- Task details: Begin at the line containing "既製品 洗えるカーテン ミラー" and copy exactly through the last line of the listing, skipping every picture.
= Beginning of Section =
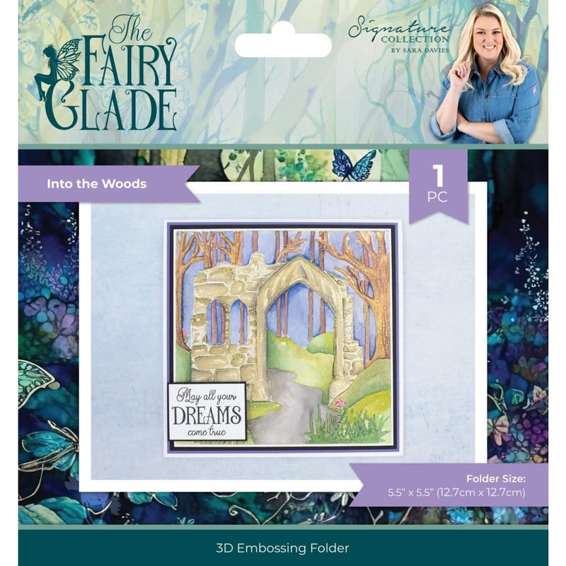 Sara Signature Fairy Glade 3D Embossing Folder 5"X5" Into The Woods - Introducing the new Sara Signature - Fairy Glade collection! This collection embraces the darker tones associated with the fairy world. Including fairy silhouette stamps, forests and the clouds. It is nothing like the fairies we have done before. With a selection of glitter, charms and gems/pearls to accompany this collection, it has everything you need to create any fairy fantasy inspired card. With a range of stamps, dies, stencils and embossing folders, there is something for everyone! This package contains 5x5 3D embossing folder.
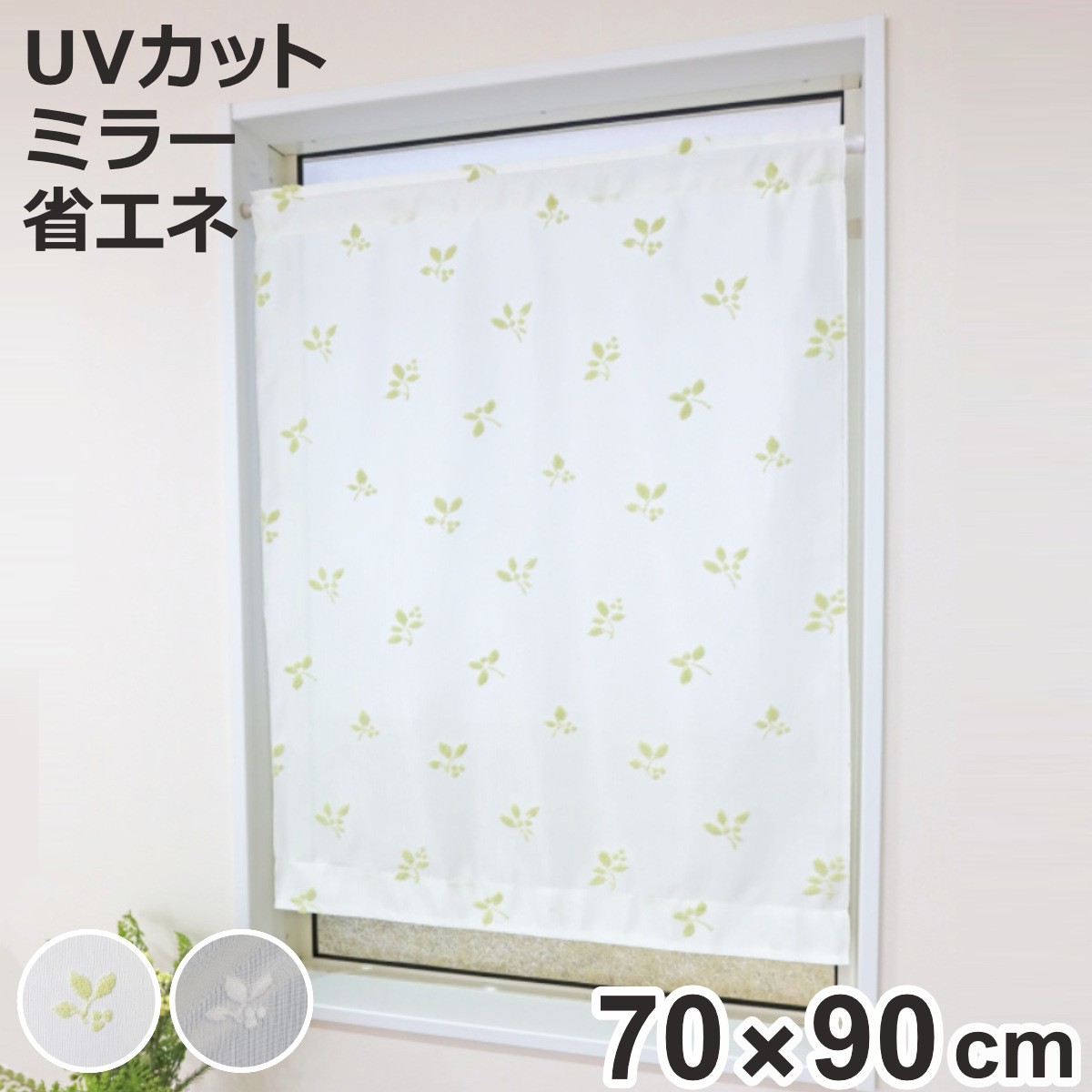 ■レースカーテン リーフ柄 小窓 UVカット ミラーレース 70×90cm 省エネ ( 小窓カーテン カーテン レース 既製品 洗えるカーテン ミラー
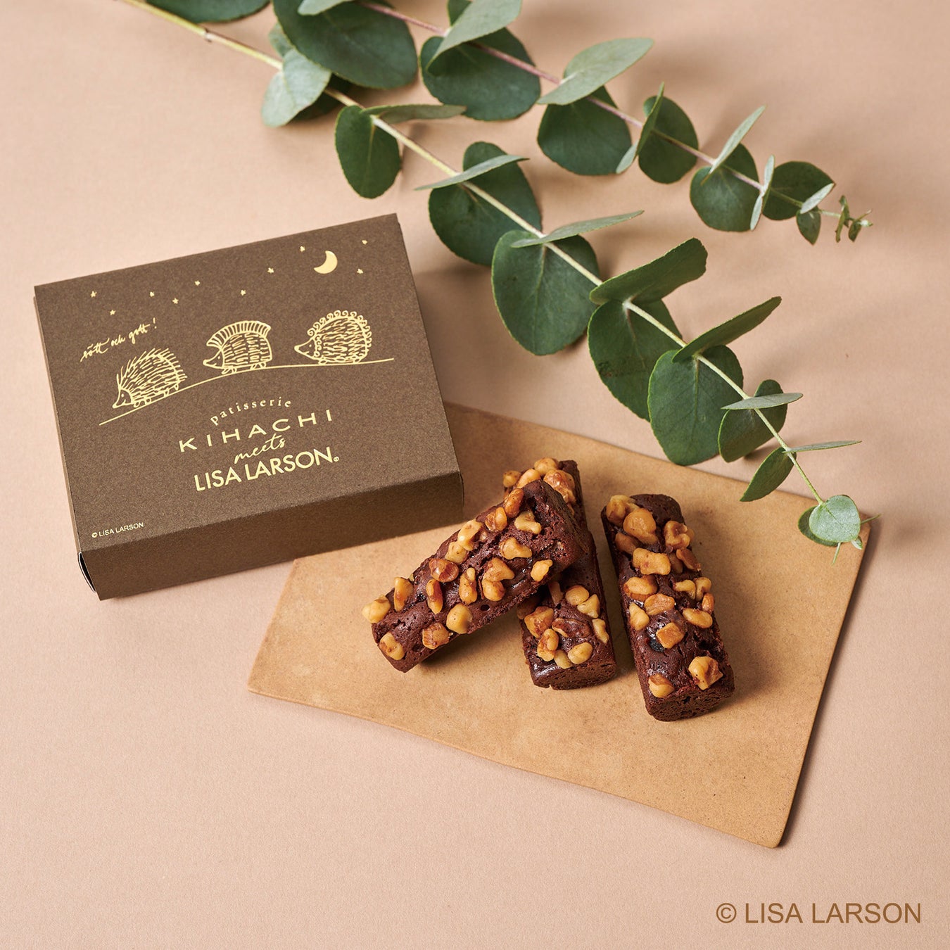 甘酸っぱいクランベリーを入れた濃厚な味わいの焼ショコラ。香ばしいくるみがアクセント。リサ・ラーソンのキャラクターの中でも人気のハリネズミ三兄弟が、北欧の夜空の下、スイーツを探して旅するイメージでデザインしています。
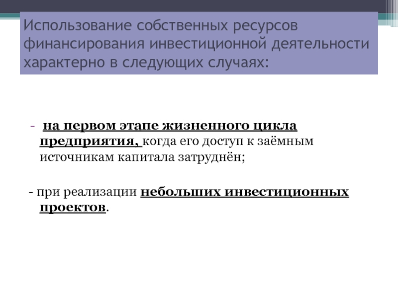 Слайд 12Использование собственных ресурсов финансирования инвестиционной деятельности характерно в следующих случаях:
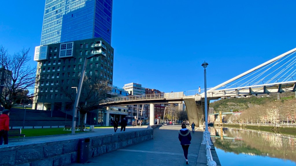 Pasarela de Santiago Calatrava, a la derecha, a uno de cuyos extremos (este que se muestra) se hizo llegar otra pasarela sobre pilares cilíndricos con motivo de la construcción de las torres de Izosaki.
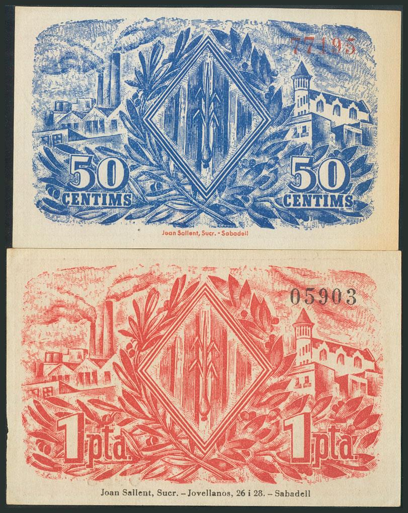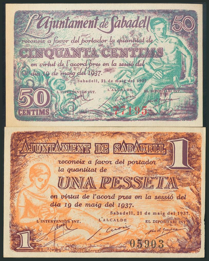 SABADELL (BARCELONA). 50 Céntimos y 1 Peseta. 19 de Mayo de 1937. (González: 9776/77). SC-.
= End of Section =
- Answer:
 ■レースカーテン リーフ柄 小窓 UVカット ミラーレース 70×90cm 省エネ ( 小窓カーテン カーテン レース 既製品 洗えるカーテン ミラー
 甘酸っぱいクランベリーを入れた濃厚な味わいの焼ショコラ。香ばしいくるみがアクセント。リサ・ラーソンのキャラクターの中でも人気のハリネズミ三兄弟が、北欧の夜空の下、スイーツを探して旅するイメージでデザインしています。
 Слайд 12Использование собственных ресурсов финансирования инвестиционной деятельности характерно в следующих случаях:
 Pasarela de Santiago Calatrava, a la derecha, a uno de cuyos extremos (este que se muestra) se hizo llegar otra pasarela sobre pilares cilíndricos con motivo de la construcción de las torres de Izosaki.
 SABADELL (BARCELONA). 50 Céntimos y 1 Peseta. 19 de Mayo de 1937. (González: 9776/77). SC-.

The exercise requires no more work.